* _What is expected_
Write out the data below exactly as given, without any of its pictures.

* _Collected data_
────────────────────

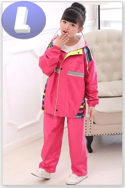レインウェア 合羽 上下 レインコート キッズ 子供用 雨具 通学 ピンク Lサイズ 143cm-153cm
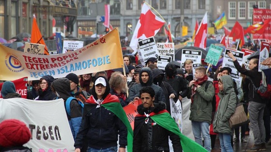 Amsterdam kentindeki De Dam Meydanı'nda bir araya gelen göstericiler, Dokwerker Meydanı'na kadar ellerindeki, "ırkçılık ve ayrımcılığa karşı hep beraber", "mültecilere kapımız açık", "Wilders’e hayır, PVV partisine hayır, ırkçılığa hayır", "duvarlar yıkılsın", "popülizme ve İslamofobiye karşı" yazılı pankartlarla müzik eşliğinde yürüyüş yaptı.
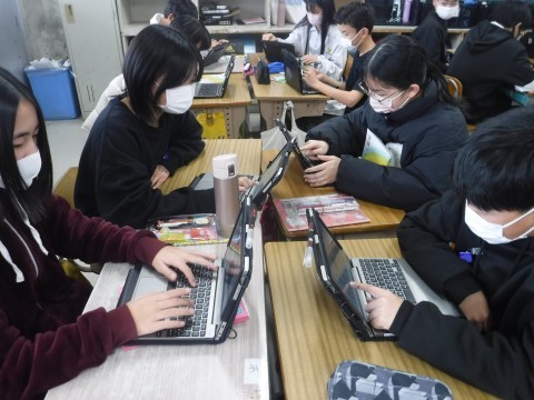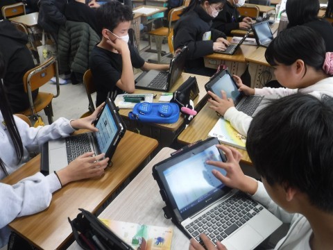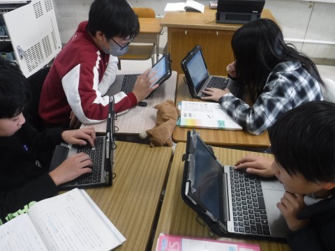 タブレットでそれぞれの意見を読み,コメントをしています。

────────────────────

* _Exercise response_
レインウェア 合羽 上下 レインコート キッズ 子供用 雨具 通学 ピンク Lサイズ 143cm-153cm
 Amsterdam kentindeki De Dam Meydanı'nda bir araya gelen göstericiler, Dokwerker Meydanı'na kadar ellerindeki, "ırkçılık ve ayrımcılığa karşı hep beraber", "mültecilere kapımız açık", "Wilders’e hayır, PVV partisine hayır, ırkçılığa hayır", "duvarlar yıkılsın", "popülizme ve İslamofobiye karşı" yazılı pankartlarla müzik eşliğinde yürüyüş yaptı.
 タブレットでそれぞれの意見を読み,コメントをしています。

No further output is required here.